Базарная площадь утопала в зловонной грязи. Городничий Сафронов ничего лучше не придумал, как мостить ее без конца глиной. Посреди этого паскудства, будто летел большим лебедем белоснежный дворец с римской колоннадой и портиком, дом купца первой гильдии Суворова. Мелкие торговцы перебегали по доскам, порскавшим черными фонтанами, соскальзывали и шлепались в базарное гнилье. Гамалея попытался балансировать по брошенным горбылям, но не удержался и оступился в лаковых штиблетах и белоснежных шелковых панталонах в черную сметану. Скоро вся свита стояла рядом с ним по щиколотку в наземе. Собравшаяся вокруг толпа зевак сначала изумленно наблюдала невиданную картину, улыбалась, а потом постепенно начала хохотать.

Губернатор допрашивал городничего:

— Какова же площадь площади Базарной?

— Пятьдесят тысяч квадратных саженей. Двадцать в ведении города. Тридцать три на долю землевладельцев.

— Два месяца тебе вкупе с городским головой замостить все тут камнем бутовым. Камнеломни есть в губернии?

— Имеется в Кирсановском уезде, помещикам Нарышкиным принадлежит.

— Тому самому, что при Екатерине Великой шутом придворным состоял?

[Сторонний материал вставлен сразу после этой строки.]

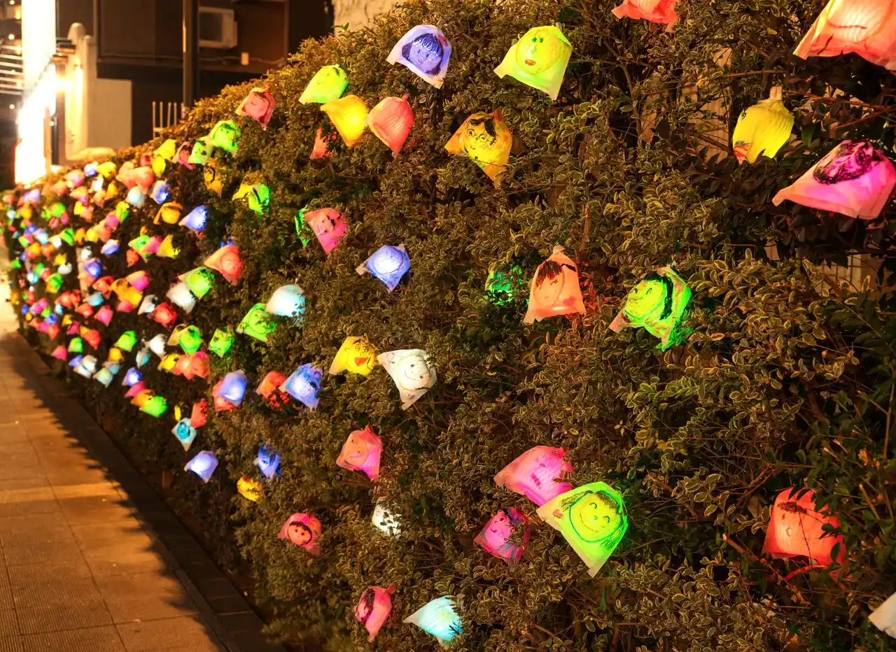 美術家の高橋匡太さんが考えた、みんなで作るイルミネーション作品。果実袋にあなたの大好きな人の「えがお」を描き、LEDの光を入れて樹木に取り付けます。みんなの「えがお」が、たくさんの「ひかりの実」となって灯り、あたたかな夜の風景をつくります。京急蒲田あすと東側入口にて。 |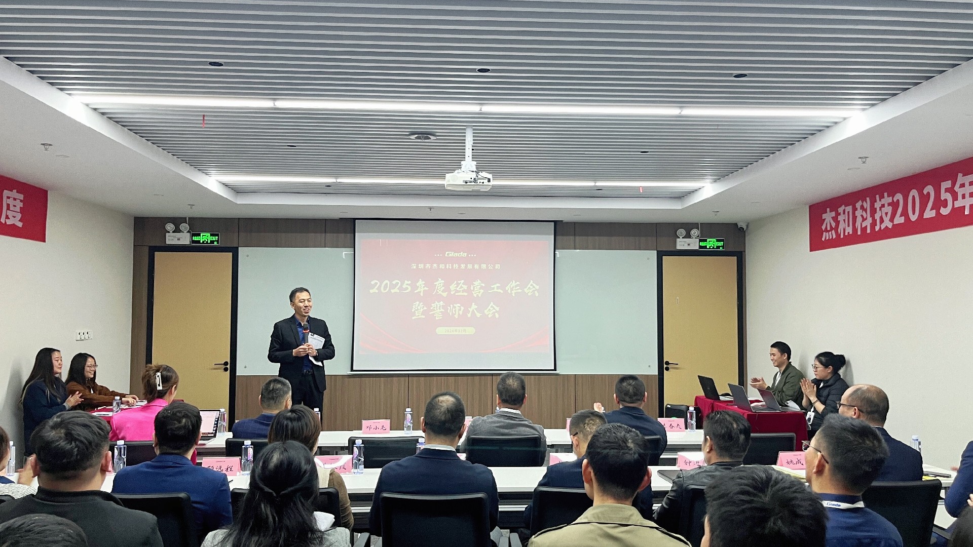 2024年12月27日,杰和科技召開了主題為“蓄勢新動能,勇闖新高度”的2025年度經(jīng)營工作會暨誓師大會。公司高管、一級部門負(fù)責(zé)人、國際/國內(nèi)營銷中心全體員工齊聚一堂,聚焦2025年戰(zhàn)略方向,明確2025年工作目標(biāo)和實施計劃,同步啟動軍令狀簽署儀式、年度PBC簽訂儀式,為新一年的發(fā)展吹響前進(jìn)的號角。

— Те самые и есть. Только дадут ли, продадут ли? Говорят, сам Державин просил, да отказали.

— А ты попроси получше вместе с кирсановским предводителем. А что за кучи, травой заросшие на Большой Астраханской?

— Камень бутовый. Благой памяти пиита великого российского Гаврилы Романовича. Завез, да не успел забутить, выдавили его отсюда альгвазилы…

 

…И правил на Тамбовщине губернатор Николай Михайлович Гамалея с 8 октября 1832 года по 27 февраля 1838 го­да. Правил честно и порядочно.

 

——————————-

Владимир Иванович Селивёрстов родился в 1945 го­ду в Котовске. Окончил Волгоградскую высшую следственную школу МВД СССР, Академию МВД СССР. Работал начальником штаба УВД по Тамбовской области. В настоящее время — адвокат. Публиковался в журнале «Подъём», региональной печати. Автор многих книг прозы и документалистики. Член Союза писателей России.